- Directions -
Beginning with the line that holds "Bluetooth слушалки Genius", write out each line exactly as it stands until the end of the data, and include no pictures.

Items from a data source

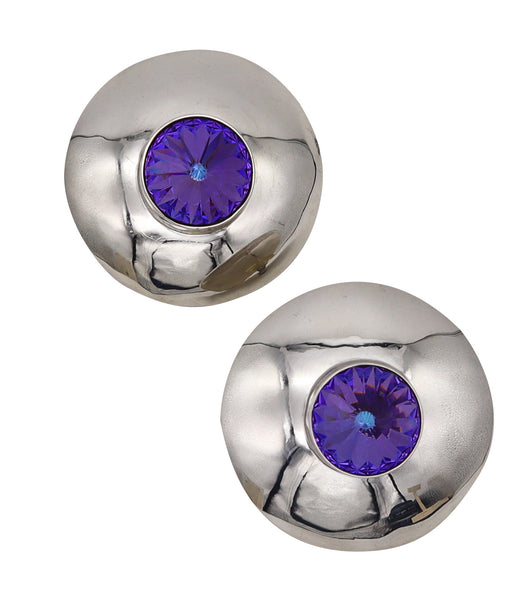 Gemstones: Mount in bezel settings, with 2 round faceted cut of polished vivid purple glass.
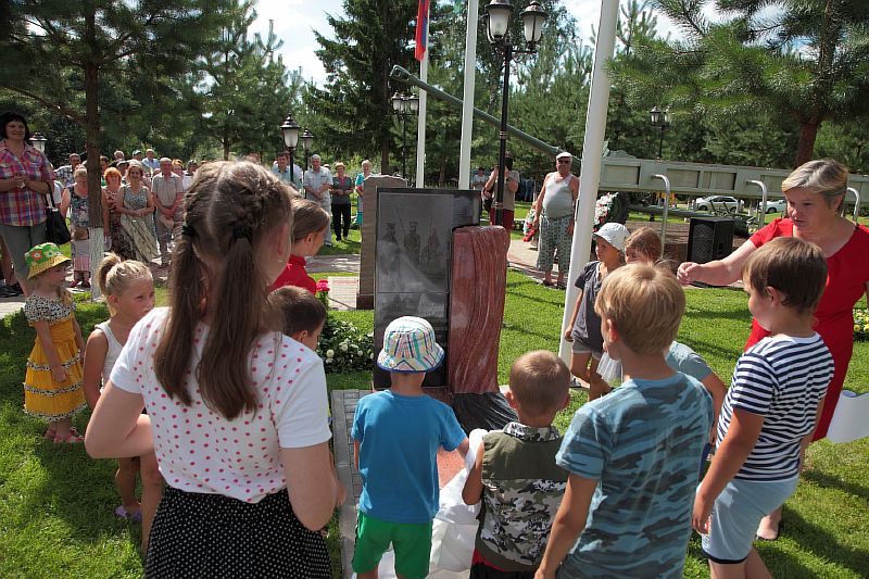 Сделать это пригласили официальные лица. Однако представительные взрослые единодушно сняли с себя такую ответственность и предоставили детям почетное право явить миру символ памяти потомков. Услышав, что им доверяют совершить нечто важное, ребятня сначала не поверила своим ушан. Но почувствовав всестороннюю поддержку, мальчишки и девчонки разного возраста выполнили порученное задание. Раз, два, три и …перед взором участников мероприятия предстала плита с памятной надписью.
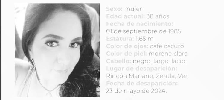 La ficha 24/SB 0786U-24ZC reporta la desaparición de Amparo Salinas Hernández, de 38 años de edad, con quien se perdió el contacto el pasado 23 de mayo de 2024 en Rincón Mariano, Zentla, Veracruz.
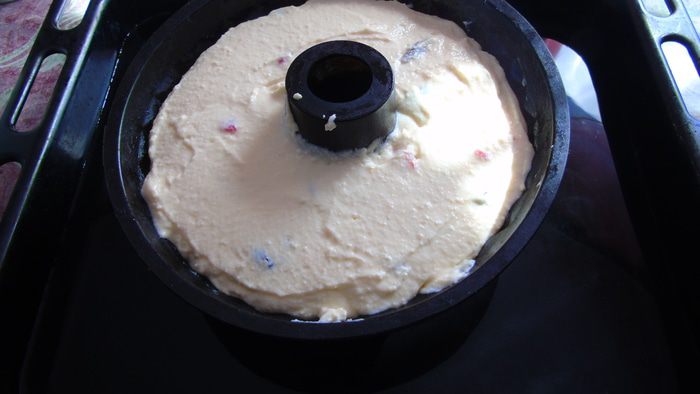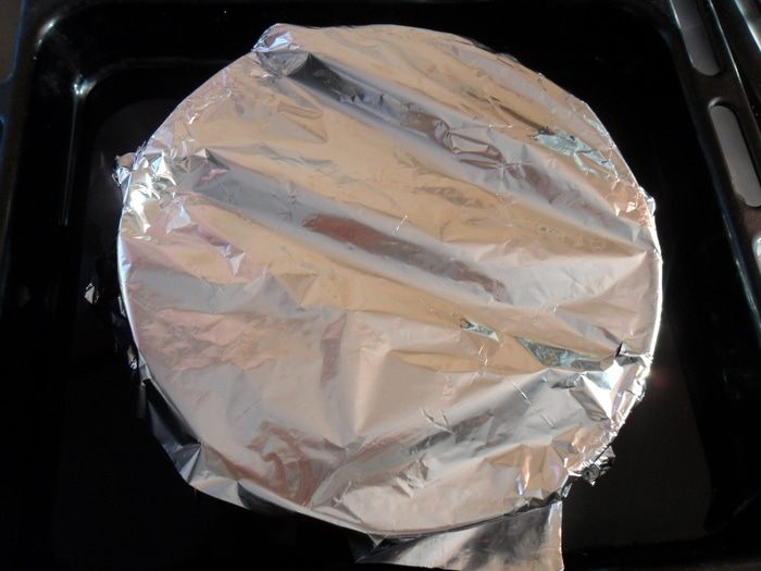 Поставить форму в глубокий противень, накрыть фольгой, а в противень налить воды (где-то около 1 л). Отправить в разогретую до 160°С духовку ,по прошествии 20 минут снять фольгу и допекать до готовности еще 30-40 минут, но может и больше, зависит от духовки.
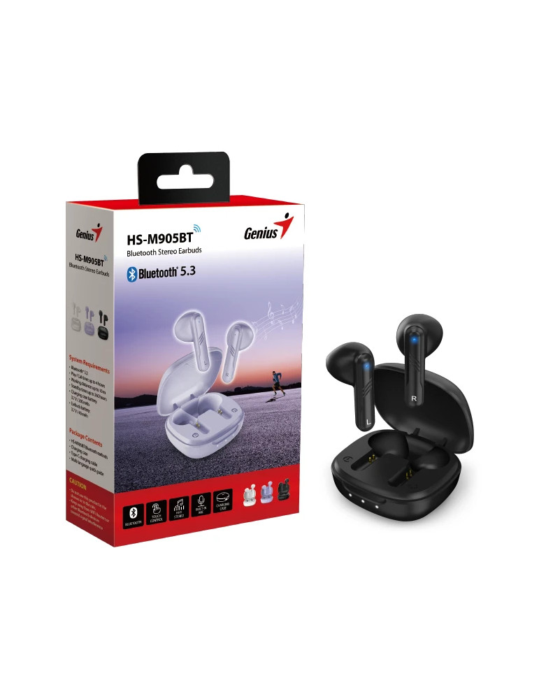 Bluetooth слушалки Genius HS-M905BT Black, TWS Bluetooth 5.3 Earphones - GENIUS-HS-M905BT-BK
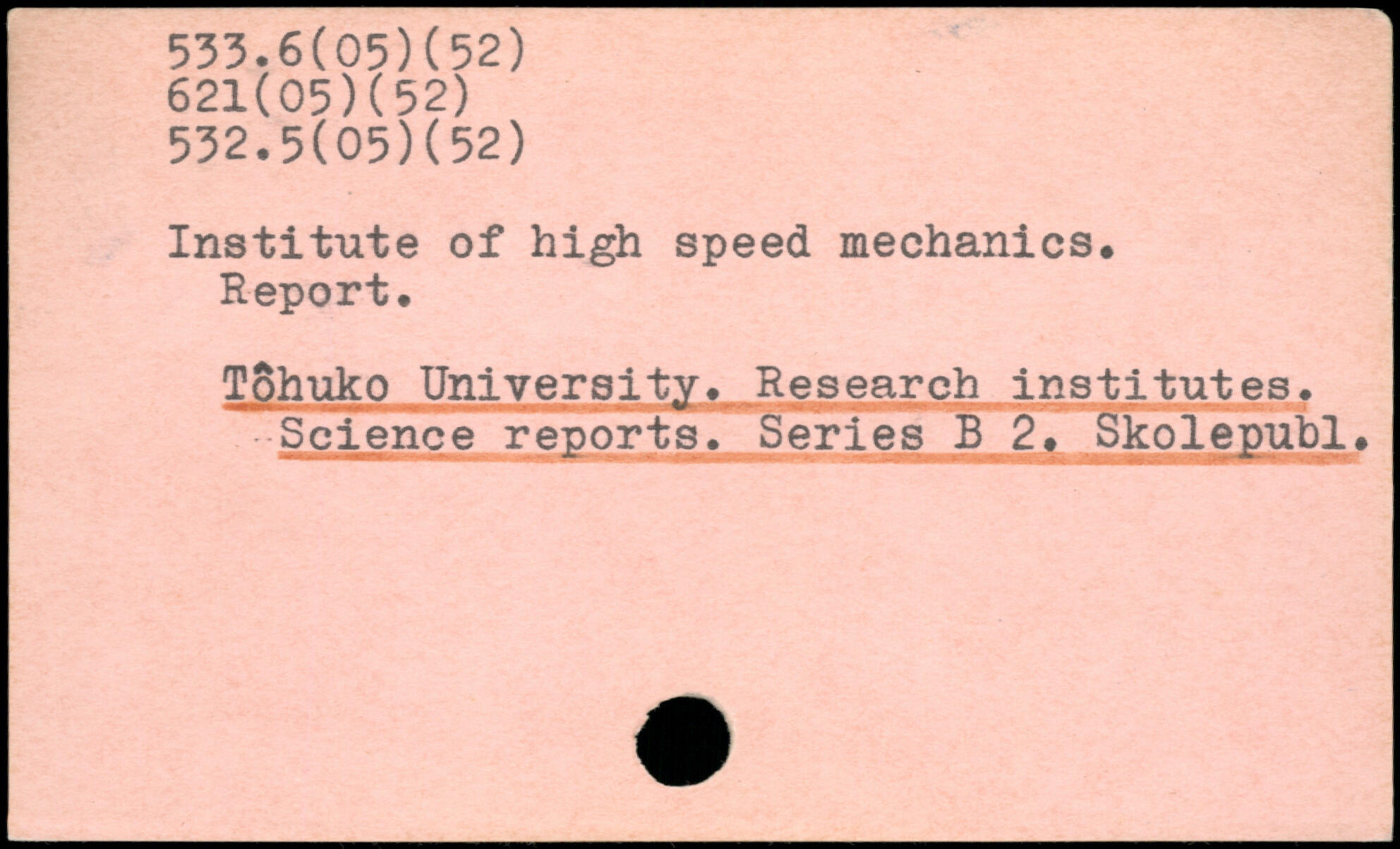 Institute of high speed mechanics. Report. Tohuko University. Research institutes. Science reports. Series B 2. Skolepuhl.
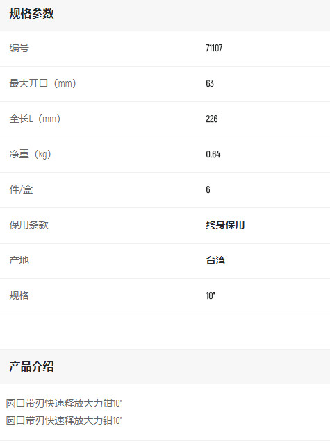 產(chǎn)品名字:世達(dá)圓口快速釋放大力鉗10寸
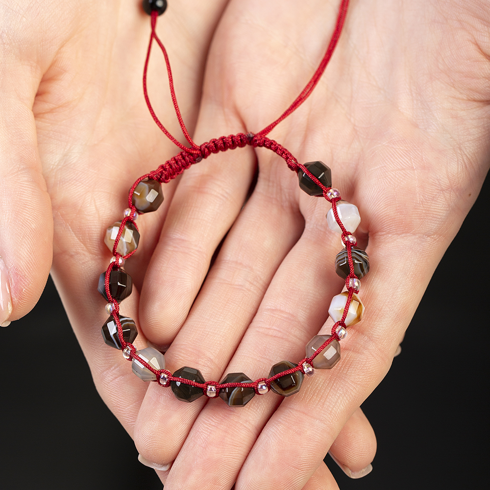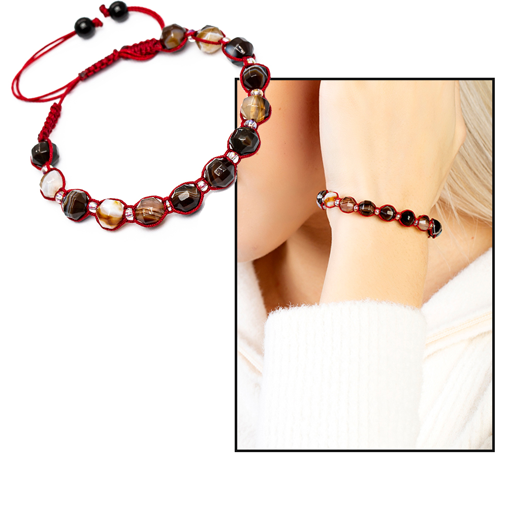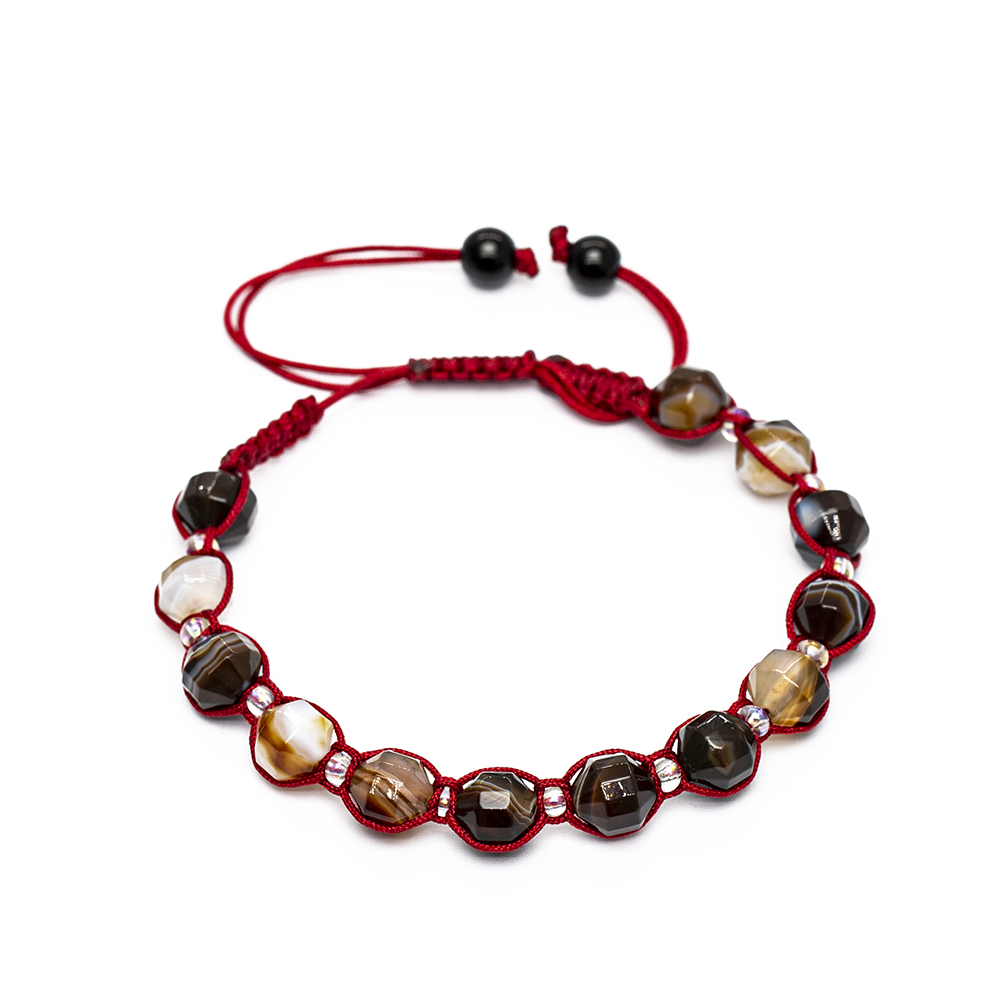 Makrome Örgülü Faset Kesim Madagaskar Akik Doğaltaş Kadın Bileklik
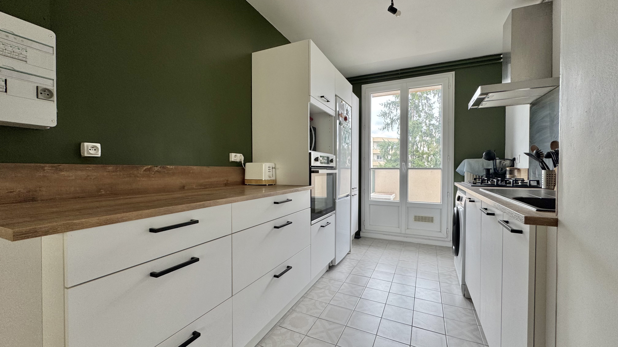 Le séjour, exposé plein sud et d’une surface généreuse de 21 m², s’ouvre sur un grand balcon à vivre qui permet de profiter pleinement du soleil tout au long de la journée. La cuisine moderne et entièrement équipée bénéficie elle aussi d’un accès direct à un second balcon, offrant ainsi une surface extérieure totale d’environ 11 m² idéale pour les beaux jours.

- Your response -
 Bluetooth слушалки Genius HS-M905BT Black, TWS Bluetooth 5.3 Earphones - GENIUS-HS-M905BT-BK
 Institute of high speed mechanics. Report. Tohuko University. Research institutes. Science reports. Series B 2. Skolepuhl.
 產(chǎn)品名字:世達(dá)圓口快速釋放大力鉗10寸
 Makrome Örgülü Faset Kesim Madagaskar Akik Doğaltaş Kadın Bileklik
 Le séjour, exposé plein sud et d’une surface généreuse de 21 m², s’ouvre sur un grand balcon à vivre qui permet de profiter pleinement du soleil tout au long de la journée. La cuisine moderne et entièrement équipée bénéficie elle aussi d’un accès direct à un second balcon, offrant ainsi une surface extérieure totale d’environ 11 m² idéale pour les beaux jours.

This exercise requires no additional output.